A friendly .NET 10 guide to Testcontainers: real databases in Docker, shared container fixtures, clean test isolation, faster CI, and the mistakes to avoid.

11 min readUpdated February 9, 2026

The food-stall on wheels

Think about a street food stall in your city. A good one is set up fresh in the morning. The vendor wheels in a clean cart, lights the stove, cooks all day, and at night packs everything away. The next morning, a fresh clean cart appears again. Nothing from yesterday is left lying around.

Now imagine if the vendor never cleaned up. Old onions from Monday, half-cooked rice from Tuesday, a sticky pan from Wednesday. By Friday nobody could trust the food. You would never know if today's stomach ache came from today's lunch or from Monday's leftovers.

Integration testing has the same problem. If your tests reuse an old, dirty database, you can never trust the result. A test might pass only because some leftover row from an earlier test was sitting there. Testcontainers is the fresh cart on wheels. Before your tests run, it wheels in a clean, real database inside a Docker container. After your tests finish, it packs everything away. Every test run starts from a known, clean state.

In this guide you will learn how to use Testcontainers well in .NET 10, the patterns that keep tests fast, and the small mistakes that quietly break test suites.

What problem does Testcontainers actually solve?

When you write tests, you have to decide what your code talks to. A unit test talks to nothing real. An integration test talks to a real database, a real cache, or a real message queue.

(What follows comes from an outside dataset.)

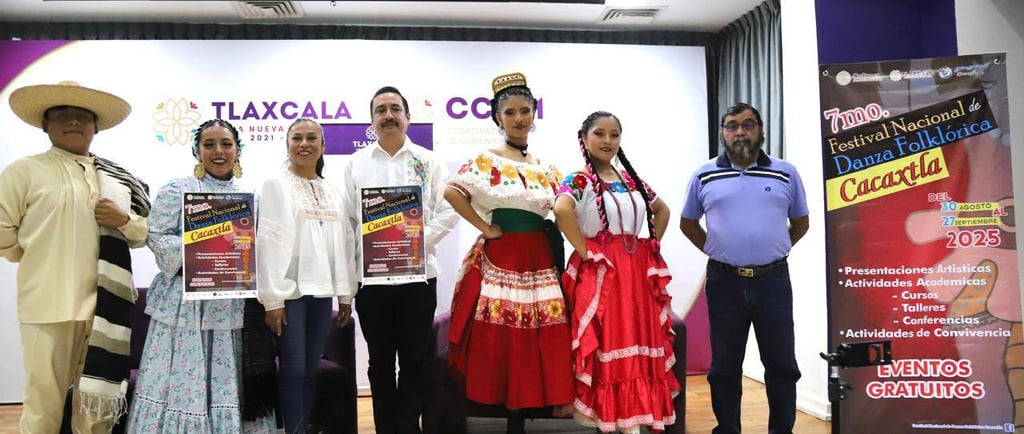 Lunes 18 de agosto 2025.- La Secretaría de Cultura federal, la Secretaría de Cultura del estado y el Ballet Folklórico Cacaxtla A.C., anunciaron el 7mo. Festival Nacional de Danza Folklórica Cacaxtla, que se llevará a cabo del 30 de agosto al 27 de septiembre de 2025.

For years, people faked the database with an in-memory provider because real databases were slow and annoying to set up. But fakes lie. A fake database does not check foreign keys the same way. It does not run the same SQL. So a test could pass against the fake and fail in production.

Testcontainers fixes this by starting the real thing in a container, just for the test run.

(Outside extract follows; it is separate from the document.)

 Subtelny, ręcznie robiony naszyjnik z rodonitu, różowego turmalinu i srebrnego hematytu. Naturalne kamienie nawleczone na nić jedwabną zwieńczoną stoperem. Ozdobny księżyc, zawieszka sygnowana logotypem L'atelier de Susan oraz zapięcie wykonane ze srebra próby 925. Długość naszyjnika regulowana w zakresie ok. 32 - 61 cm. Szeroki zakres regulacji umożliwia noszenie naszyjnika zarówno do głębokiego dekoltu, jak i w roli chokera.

Where Testcontainers sits between your tests and a real database engine

The key idea: your test never knows the messy details. It just asks the fixture for a connection string and gets one. Testcontainers handles pulling the image, starting the container, waiting until it is ready, and tearing it down.

Your first container

Here is a small fixture that starts a PostgreSQL container. We use xUnit and the Testcontainers.PostgreSql package. The IAsyncLifetime interface gives us an async start (InitializeAsync) and an async stop (DisposeAsync).

using Testcontainers.PostgreSql;
using Xunit;
 
public sealed class PostgresFixture : IAsyncLifetime
{
    private readonly PostgreSqlContainer _container = new PostgreSqlBuilder()
        .WithImage("postgres:17-alpine")
        .WithDatabase("shop")
        .WithUsername("test")
        .WithPassword("test")
        .Build();
 
    public string ConnectionString => _container.GetConnectionString();
 
    // Runs once before the tests in this fixture.
    public Task InitializeAsync() => _container.StartAsync();
 
    // Runs once after the tests finish. Cleans up the container.
    public Task DisposeAsync() => _container.DisposeAsync().AsTask();
}

Notice three good habits already baked in:

  1. We pin the image to a real tag (postgres:17-alpine), not latest. This keeps tests stable over time.
  2. We never set a fixed host port. GetConnectionString() reads the random mapped port for us.
  3. We let DisposeAsync clean up. We do not leave containers running.

Lifecycle: when does the container start and stop?

This is the part people get wrong most often. Containers take a few seconds to start. If you start a fresh container for every single test method, a suite of 300 tests becomes painfully slow. If you share one container for everything, you save time but you must clean data between tests.

Here is the lifecycle of a shared fixture.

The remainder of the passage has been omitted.